Data shown

----------

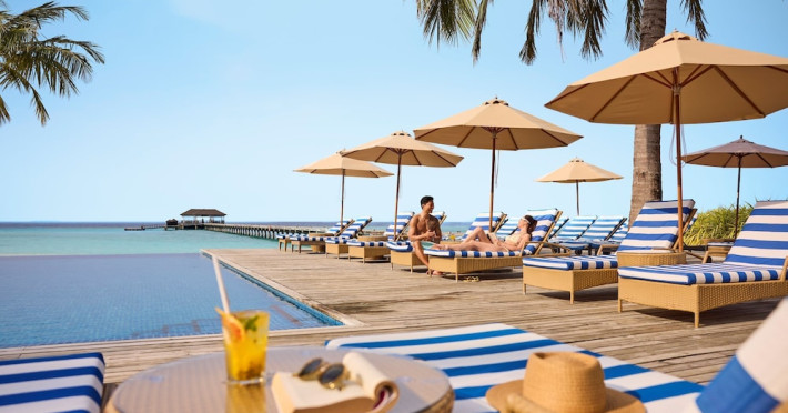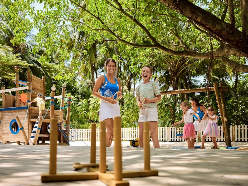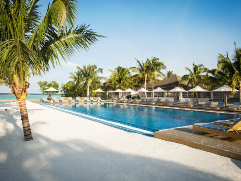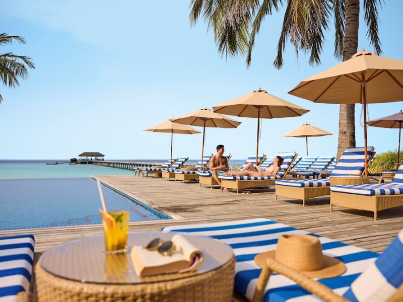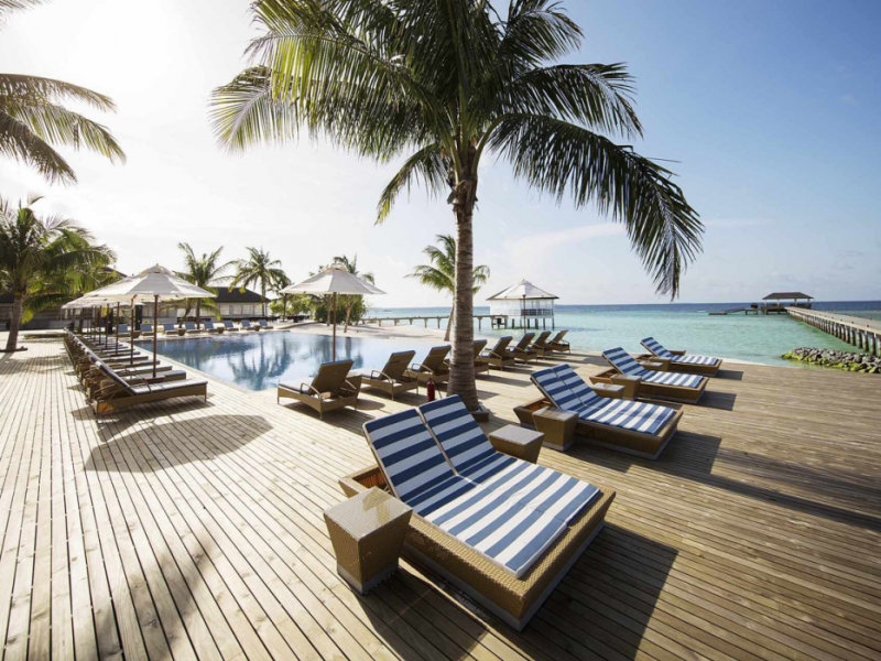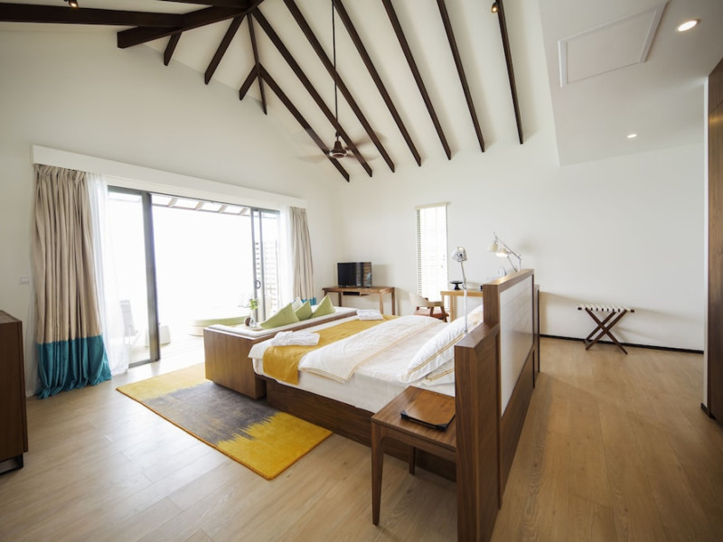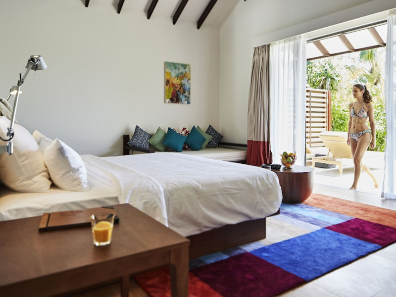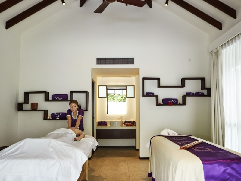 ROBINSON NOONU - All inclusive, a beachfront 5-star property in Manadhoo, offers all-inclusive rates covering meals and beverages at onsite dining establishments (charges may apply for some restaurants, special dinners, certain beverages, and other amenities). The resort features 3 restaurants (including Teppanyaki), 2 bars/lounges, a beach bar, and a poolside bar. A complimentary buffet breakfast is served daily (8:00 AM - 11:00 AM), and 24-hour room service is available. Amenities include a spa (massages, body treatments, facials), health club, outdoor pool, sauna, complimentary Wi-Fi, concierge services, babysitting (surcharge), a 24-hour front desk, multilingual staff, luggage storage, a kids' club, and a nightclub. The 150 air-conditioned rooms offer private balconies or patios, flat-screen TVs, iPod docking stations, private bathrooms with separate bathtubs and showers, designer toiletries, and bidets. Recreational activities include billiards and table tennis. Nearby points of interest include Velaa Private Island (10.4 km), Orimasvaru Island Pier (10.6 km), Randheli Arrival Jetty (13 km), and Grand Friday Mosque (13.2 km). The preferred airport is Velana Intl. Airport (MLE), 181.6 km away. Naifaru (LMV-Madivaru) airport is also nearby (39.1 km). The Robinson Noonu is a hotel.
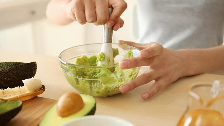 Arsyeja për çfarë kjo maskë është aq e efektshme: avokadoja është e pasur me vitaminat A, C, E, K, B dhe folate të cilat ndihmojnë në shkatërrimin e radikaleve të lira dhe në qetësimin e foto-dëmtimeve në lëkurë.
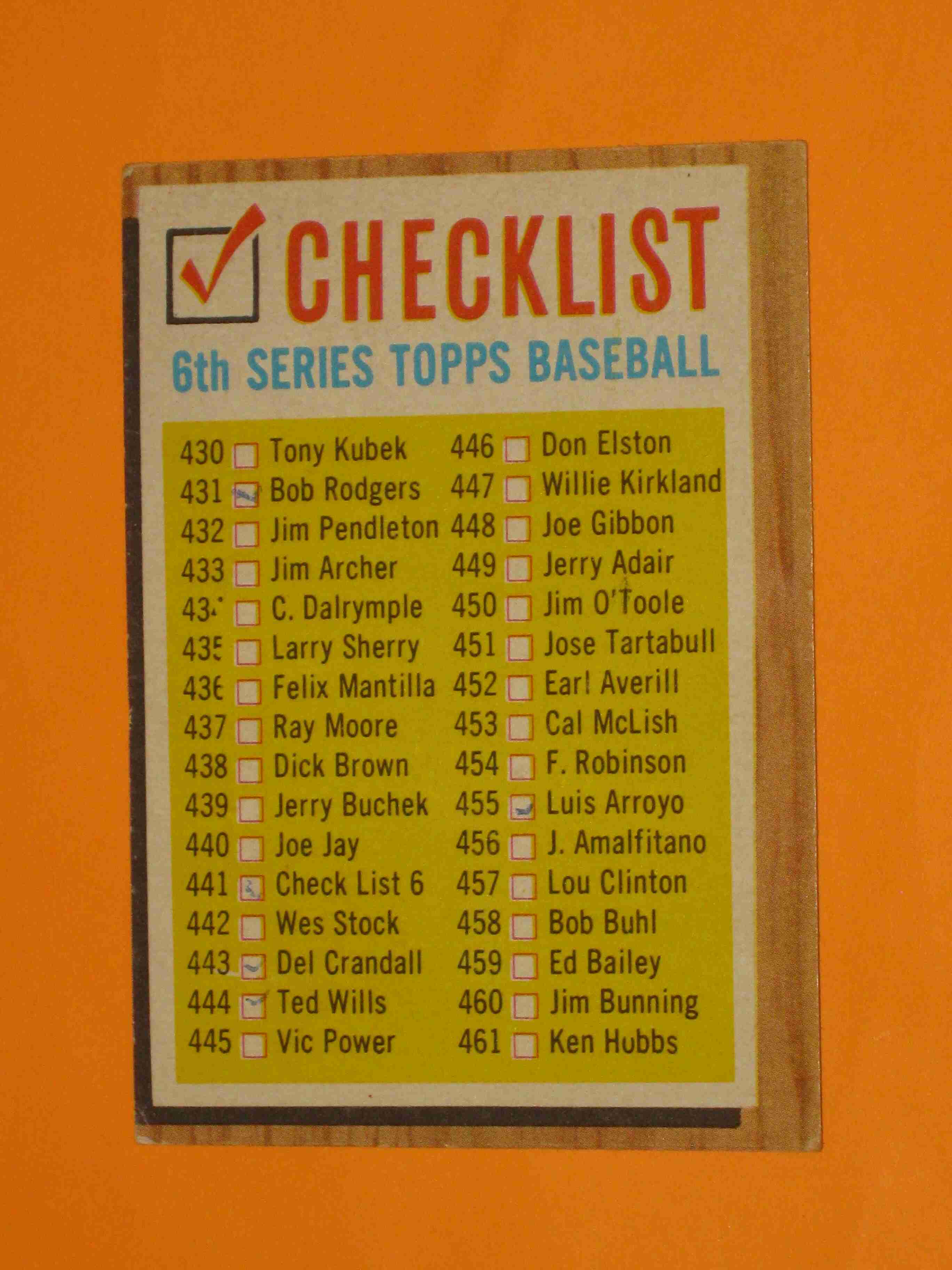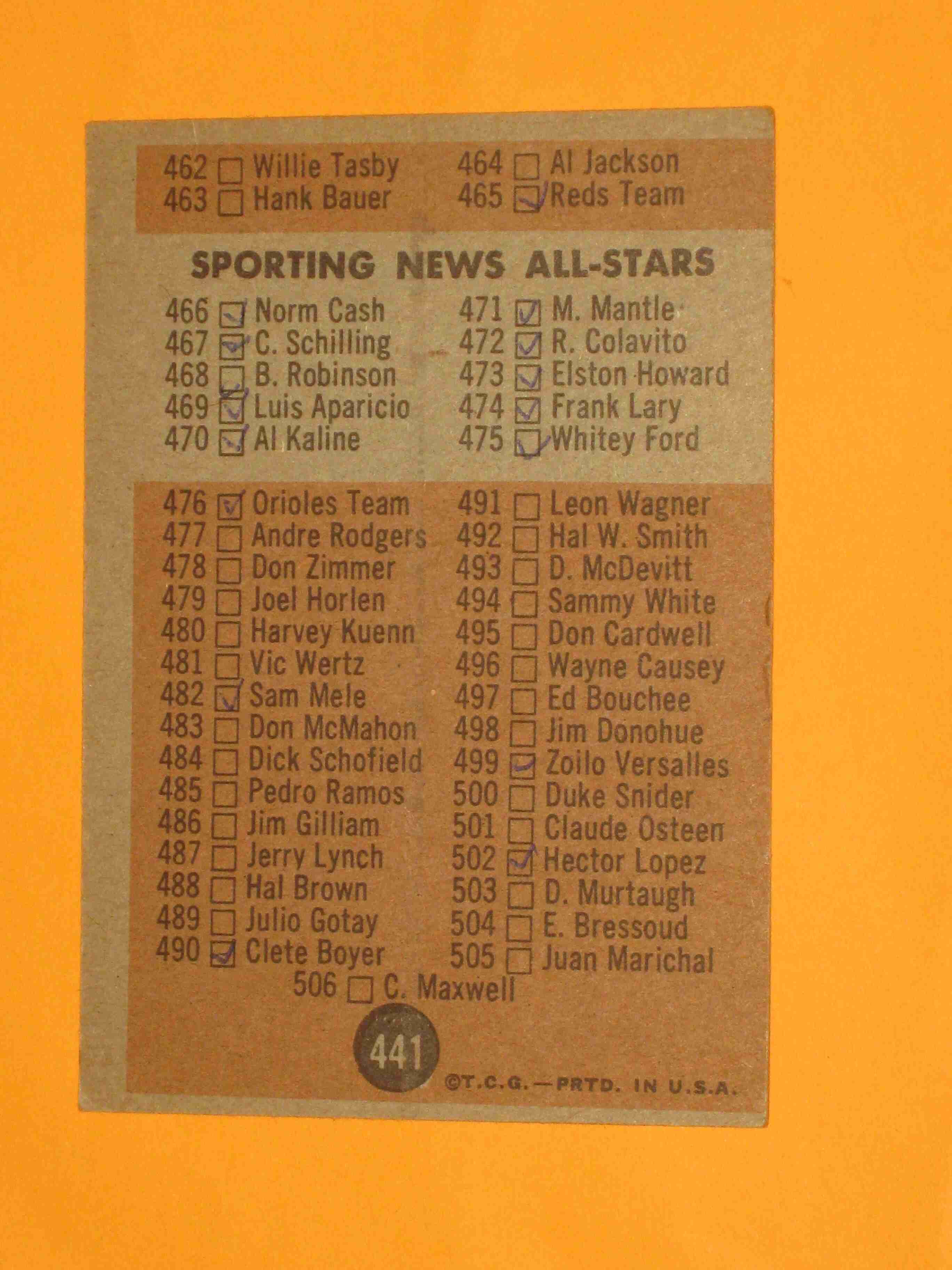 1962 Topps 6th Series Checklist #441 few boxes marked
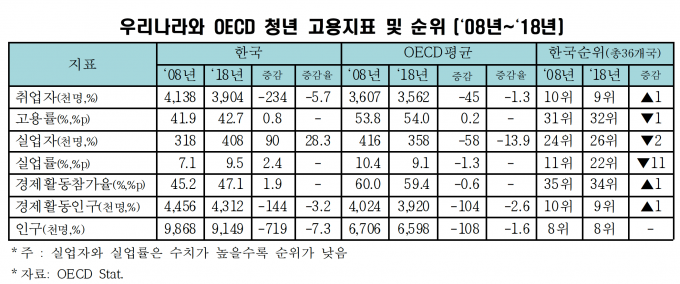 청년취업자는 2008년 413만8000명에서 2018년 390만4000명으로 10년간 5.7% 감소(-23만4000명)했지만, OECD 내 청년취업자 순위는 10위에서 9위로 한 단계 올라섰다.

----------

Problem description
Repeat the listing verbatim, pictures excluded.

Answer space
 ROBINSON NOONU - All inclusive, a beachfront 5-star property in Manadhoo, offers all-inclusive rates covering meals and beverages at onsite dining establishments (charges may apply for some restaurants, special dinners, certain beverages, and other amenities). The resort features 3 restaurants (including Teppanyaki), 2 bars/lounges, a beach bar, and a poolside bar. A complimentary buffet breakfast is served daily (8:00 AM - 11:00 AM), and 24-hour room service is available. Amenities include a spa (massages, body treatments, facials), health club, outdoor pool, sauna, complimentary Wi-Fi, concierge services, babysitting (surcharge), a 24-hour front desk, multilingual staff, luggage storage, a kids' club, and a nightclub. The 150 air-conditioned rooms offer private balconies or patios, flat-screen TVs, iPod docking stations, private bathrooms with separate bathtubs and showers, designer toiletries, and bidets. Recreational activities include billiards and table tennis. Nearby points of interest include Velaa Private Island (10.4 km), Orimasvaru Island Pier (10.6 km), Randheli Arrival Jetty (13 km), and Grand Friday Mosque (13.2 km). The preferred airport is Velana Intl. Airport (MLE), 181.6 km away. Naifaru (LMV-Madivaru) airport is also nearby (39.1 km). The Robinson Noonu is a hotel.
 Arsyeja për çfarë kjo maskë është aq e efektshme: avokadoja është e pasur me vitaminat A, C, E, K, B dhe folate të cilat ndihmojnë në shkatërrimin e radikaleve të lira dhe në qetësimin e foto-dëmtimeve në lëkurë.
 1962 Topps 6th Series Checklist #441 few boxes marked
 청년취업자는 2008년 413만8000명에서 2018년 390만4000명으로 10년간 5.7% 감소(-23만4000명)했지만, OECD 내 청년취업자 순위는 10위에서 9위로 한 단계 올라섰다.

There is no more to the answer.